48 (...)Il importe donc de définir précisément quels types de menaces ou de promesses soulèvent un doute raisonnable quant au caractère volontaire d’une confession. Bien que des menaces de torture clairement imminente rendent une confession inadmissible, la plupart des affaires ne sont pas aussi nettes.

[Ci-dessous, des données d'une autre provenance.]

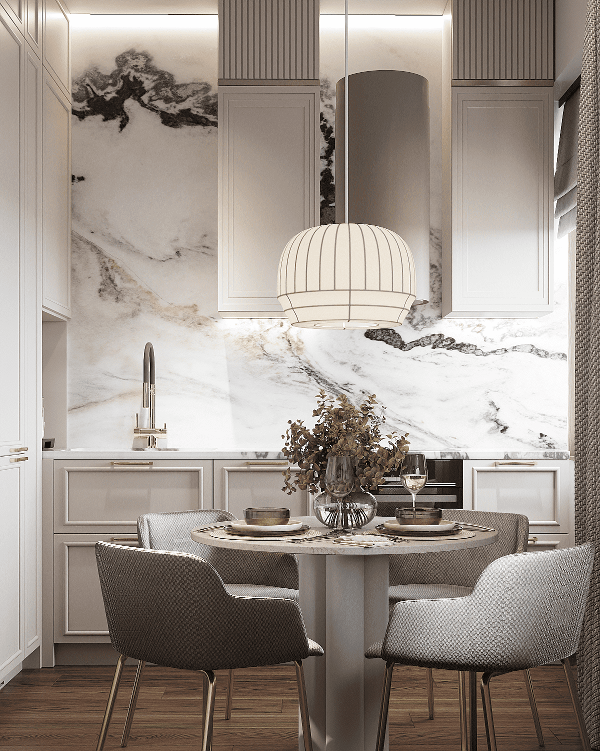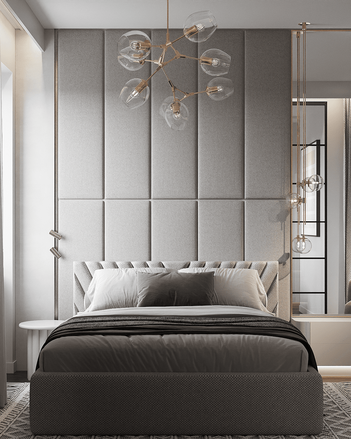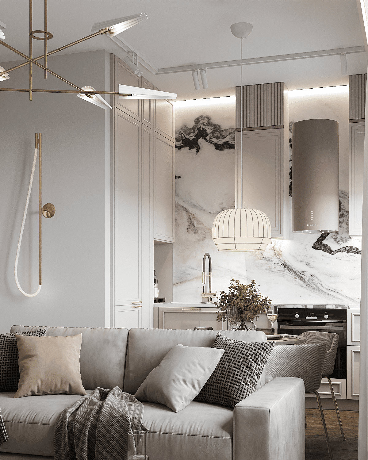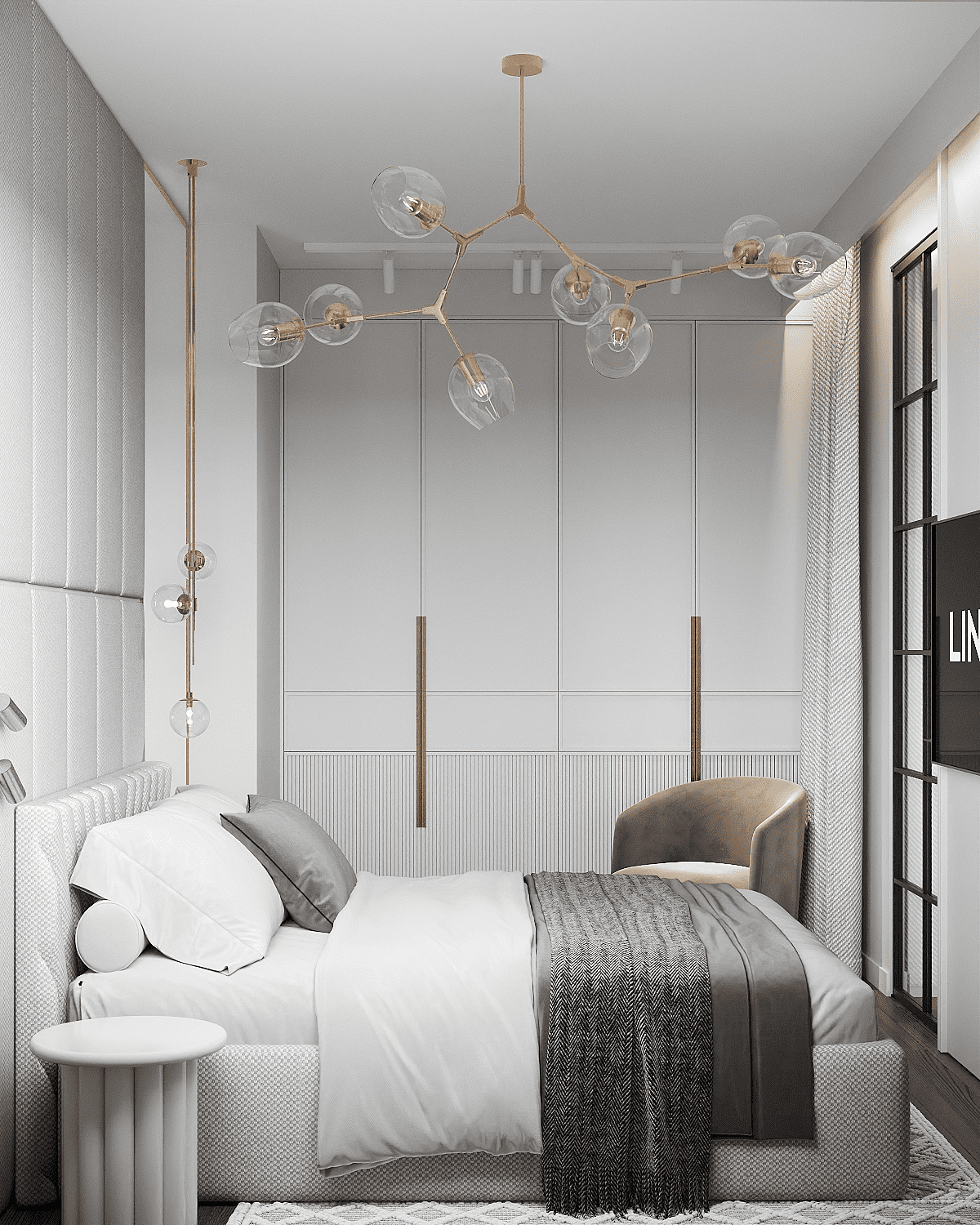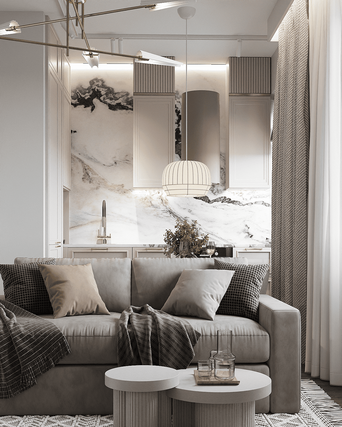 Zastosowaliśmy modyfikację układu funkcjonalnego, która pozwoliła na uzyskanie dwóch odrębnych, a jednocześnie spójnych stref. Kluczowym krokiem było wydzielenie osobnej sypialni przy użyciu nowoczesnego rozwiązania – ścianki z przeszkleniami. Takie podejście pozwoliło na optyczne oddzielenie strefy prywatnej, jednocześnie wpuszczając do niej naturalne światło z otwartego salonu. Ze względu na parterową lokalizację mieszkania, zdecydowaliśmy się na stworzenie mini wiatrołapu przy wejściu. Dzięki odpowiednio zaprojektowanej zabudowie, przestrzeń ta pełni funkcję praktycznego miejsca do przechowywania, co pozwala na utrzymanie porządku w strefie dziennej.

49 Comme il a été souligné plus tôt, le Conseil privé a jugé, dans Ibrahim, que des déclarations sont inadmissibles si elles ont été obtenues «par crainte d’un préjudice ou dans l’espoir d’un avantage». L’exemple classique d’«espoir d’un avantage» est la perspective de clémence de la part du tribunal. Il est inacceptable qu’une personne en situation d’autorité laisse entendre à un suspect qu’elle fera des démarches pour obtenir une réduction de l’accusation ou de la peine si le suspect fait une confession. En conséquence, dans l’arrêt Nugent, précité, la cour a écarté la déclaration d’un suspect à qui l’on avait dit que, s’il faisait une confession, il serait accusé d’homicide involontaire coupable au lieu de meurtre. Aussi peu plausible que cela puisse intuitivement sembler, tant la jurisprudence que la doctrine confirment que la pression découlant d’un interrogatoire intense et prolongé peut convaincre un suspect que personne ne croira ses protestations d’innocence et qu’il sera inévitablement déclaré coupable. Dans de telles circonstances, faire miroiter à un suspect la possibilité d’une réduction de l’accusation ou de la peine en échange d’une confession soulèverait un doute raisonnable quant au caractère volontaire de l’aveu qui s’ensuivrait. Le fait pour les policiers d’offrir explicitement au suspect de lui obtenir un traitement clément en retour d’une confession est manifestement un encouragement très puissant et justifiera l’exclusion de la confession, sauf dans des circonstances exceptionnelles.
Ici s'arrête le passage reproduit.